Can You File Bankruptcy On Student Loans? Find Out How

Can You File Bankruptcy On Student Loans? Find Out How
Information in this article does not constitute legal advice, it is for informational purposes only, and may not constitute the most up-to-date information. Readers should contact their attorney for advice on any particular legal matter.

Did you know that it's possible to discharge student loans in bankruptcy? However, it can be quite challenging. To see if we can help you, please use the following calculator if the following conditions apply to you:

  1. Your income is below $75,000 per year if your household size is 2 or under, and your income is below $100,000 if your household size is 4 or under.
  2. You reside in Arizona, Nevada, Colorado, or Utah.
  3. You have made a good faith effort to pay off your student loan debt.
  4. You believe that your financial situation will not improve during the remainder of the student loan contract.

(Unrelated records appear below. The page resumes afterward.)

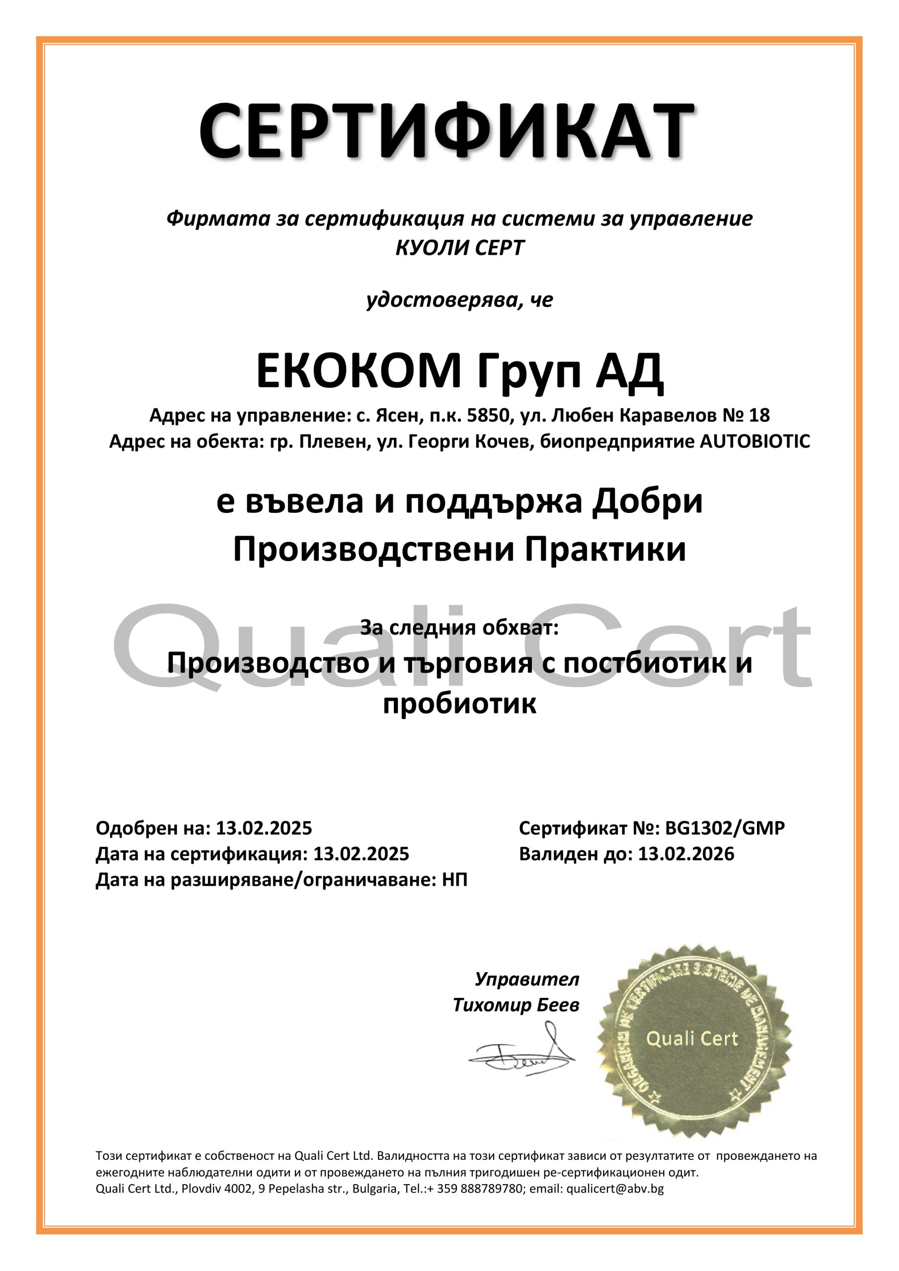 Το μεταβιοτικό Bibiotic παράγεται στη βιοεπιχείρηση Autobiotic στην πόλη του Πλέβεν. Ιδρύθηκε το 2012 με στόχο την παραγωγή μιας νέας γενιάς προβιοτικών προϊόντων, πολύ πιο χρήσιμων και αποτελεσματικών. Η επιχείρηση διαθέτει τον πιο σύγχρονο και υψηλής τεχνολογίας εξοπλισμό, που πληροί όλα τα παγκόσμια βιοτεχνολογικά πρότυπα και απαιτήσεις για την απομόνωση, ταυτοποίηση και καλλιέργεια όλων των προβιοτικών βακτηριακών ειδών. Ένα επιτελείο μικροβιολόγων και βιοτεχνολόγων υψηλής ειδίκευσης φροντίζει για την παρασκευή ενός ποιοτικού και ασφαλούς προϊόντος. Ιδιαίτερη προσοχή δίνεται στην αναπτυξιακή δραστηριότητα, με στόχο τη βελτίωση των τεχνολογιών αλλά και την βελτίωση της ποιότητας και της αποτελεσματικότητας των προϊόντων.
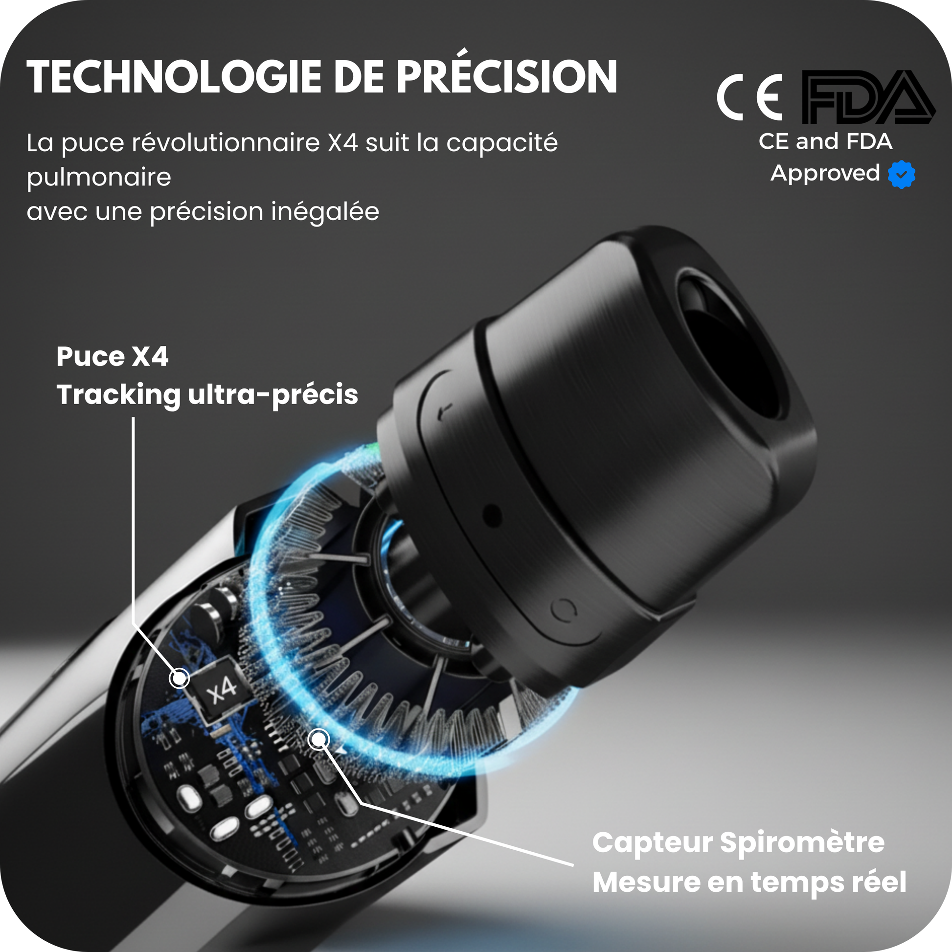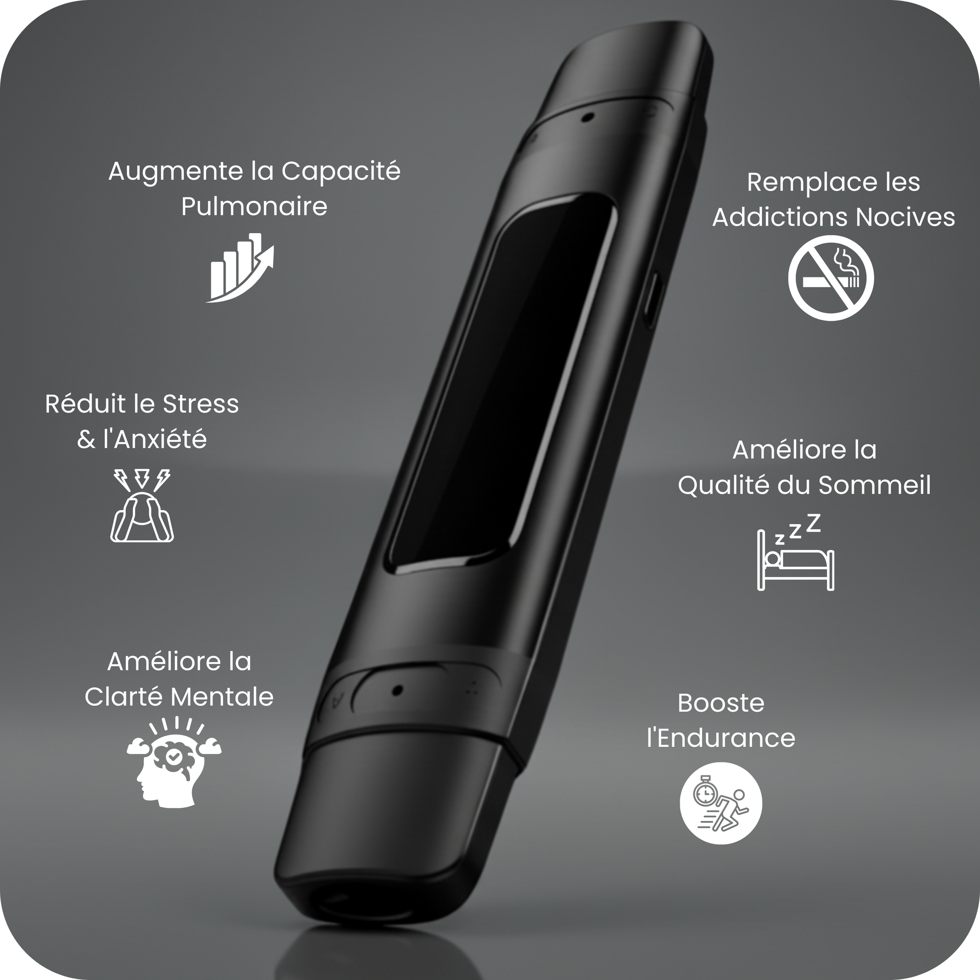 Cette méthode scientifiquement prouvée est utilisée par les athlètes professionnels, les chanteurs et les personnes en rééducation pulmonaire. L'écran digital intégré vous permet de suivre votre capacité pulmonaire en temps réel et de mesurer vos progrès.
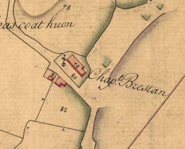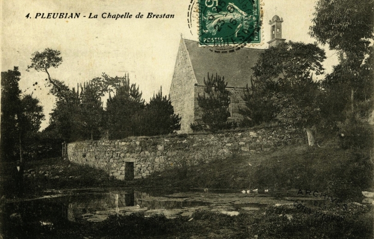 La chapelle de Brestan est un édifice du 3ème quart du 17ème siècle (1652, date portée) reconstruit au cours du 3ème quart du 18ème siècle (1769, date portée) par le maître maçon Yves Collen de Pleubian (René Couffon). Pendant la Révolution, les prêtres réfractaires y célèbraient les offices. Elle fut vendue au titre de bien national. Elle a été réduite au cours du 20ème siècle (cf. plan au sol du cadastre de 1829). Les marins étaient particulièrement fidèles à venir prier et invoquer la Vierge de Brestan. On peut encore y voir un ex-voto représentant un vaisseau en flammes avec l'apparition de la Sainte-Vierge et l'inscription suivante 'Voeu fait par Joseph Le Quellec à la cotte d'Espagne- 1782-L'Elisabeth'. Dans l'enclos de la chapelle, on peut remarquer une croix datée du 18ème siècle sur un socle datée du 16ème siècle, ainsi q'un autel rustique en pierre de taille, non daté. Le poète et barde pleubianais Erwan Berthou raconte dans son ouvrage 'dans le Trégor à travers champs', que la fontaine de Brestan guérissait les enfants enviés' (maladie dite 'de langueur'). Après avoir été traités pendant 9 mois par l'herbe de 'désenvie', ces enfants étaient conduits à la chapelle, puis à la fontaine pour y boire l'eau fraîche de la source.

If you meet these criteria, please take the 1-2 minute calculator below.

 Estimate Qualification for Student Loan Bankruptcy Relief

If you don't meet these criteria but are interested in this option, please reach out to us online.

The United States is currently facing a student loan crisis with a total of $1.56 trillion in student loan debt and over 44.7 million Americans contributing to that number.

This national problem is partly due to people's lack of knowledge about their financial decisions while in college. According to a recent survey by Student Loan Hero, "More than one-half of our survey respondents, for instance, didn’t realize interest accrues on their federal unsubsidized loans while they’re in school" and "nearly 1 out of 10 borrowers are under the false impression that you don’t need to repay your loans if you can’t find a job after college."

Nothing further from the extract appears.